“And yet you defend him?”
Edmond Valentin shrugged his shoulder.
“An advocate is forced to serve whichever side engages him,” he replied. “That is why the profession of arms is so much more honest.”
“Granted,” his companion said. “It gives you an entrée to the better houses—you can become a member of the Cercle Militaire, and all that, but is it not all useless? The war, which has been predicted all these years, has never come—nor, in my belief, will it ever come. Germany only raises a bogey from time to time, in order to terrify Europe, as my father puts it,” the girl added.
“Ah! I fear the Baron is a little too optimistic,” replied her lover. “War, when it comes—as it most assuredly will—will come in the hour when we least expect it. Then, when the Teuton hordes burst their bonds, woe-betide the nations they attack.”
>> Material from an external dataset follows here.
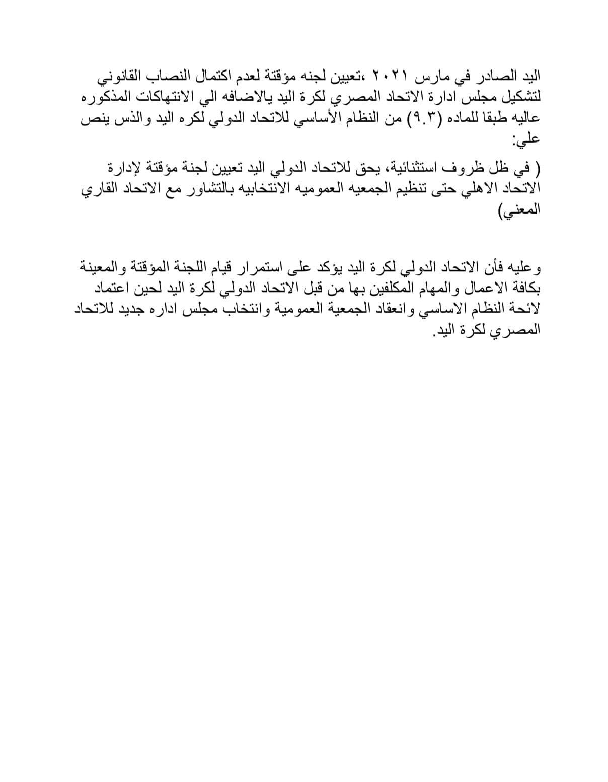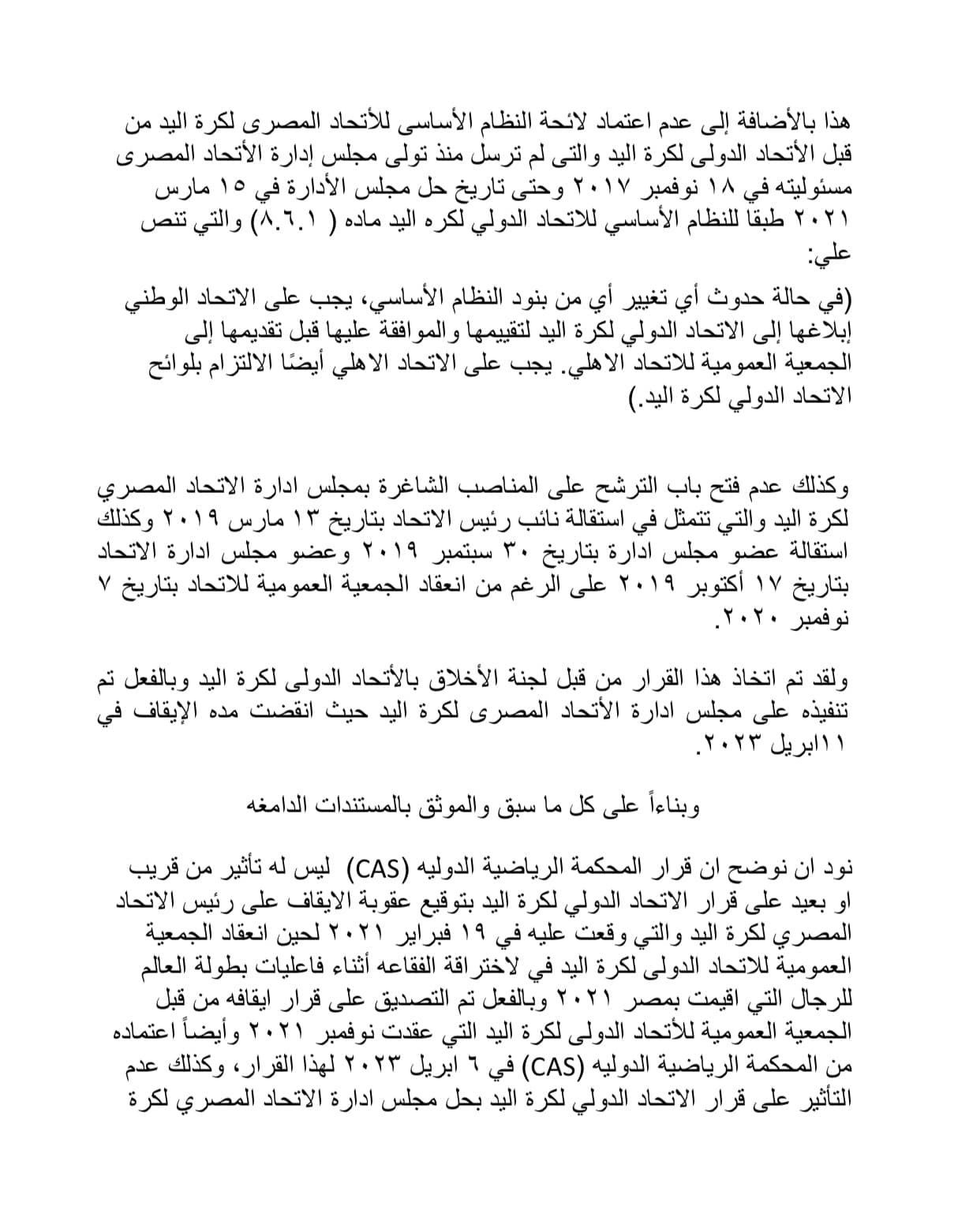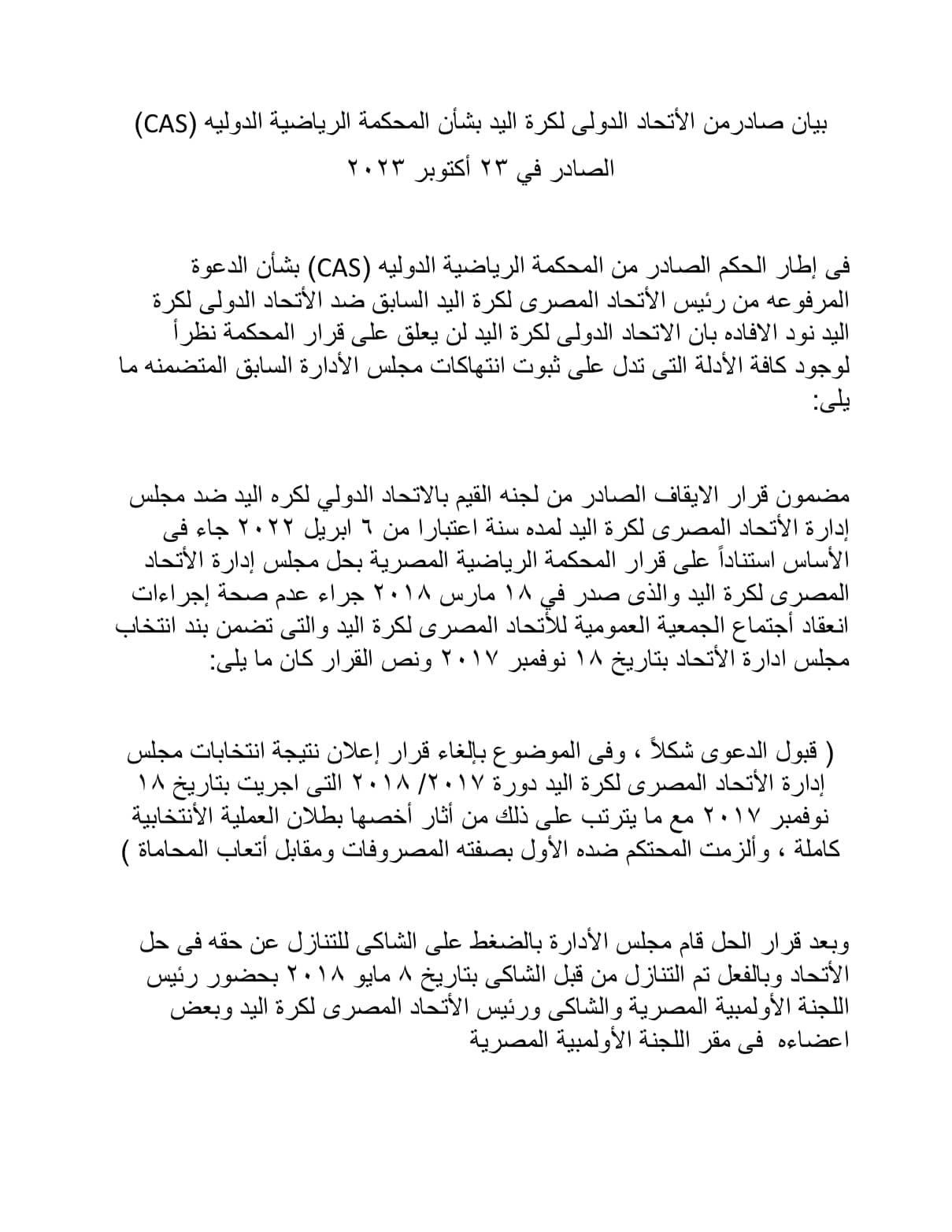 كرة اليد، أصدر الاتحاد الدولي لكرة اليد بيانًا للرد على حكم المحكمة الرياضية الدولية بشأن قبول الطعن المقدم من هشام نصر رئيس مجلس إدارة الاتحاد المصري لكرة اليد السابق ونائب رئيس نادي الزمالك الحالي، وإلغاء قرار الاتحاد الدولي لكرة اليد بإيقافه ومجلسه لمدة عام.

“Well, Edmond, we have one consolation, that they will never attack us. We are neutral, and the Powers—even Germany herself—have agreed to respect our neutrality.”
“Ah, Aimée, that remains to be seen,” was his slow, apprehensive reply. “Germany, when she fights, will fight for world-wide power, irrespective of treaties or of agreements. The Kaiser is the great War Lord, and his intention is to vindicate his self-assumed title, and to rule the world.”
“Father, who is behind the scenes of international politics, quite disputes that view.”
“The Baron will not admit it—nobody in Belgium will admit it—because no cloud appears to-day upon the political horizon. But the dark cloud will arise ere long, depend upon it, and then we shall, every man of us, be compelled to fight for our lives, and for all we hold most dear.”
A silence fell between them. The young man slowly stirred his coffee, and then, taking a cigarette from his case, lit it, with a word of apology at having expressed such words of warning, and daring to disagree with the view held by the Baron de Neuville.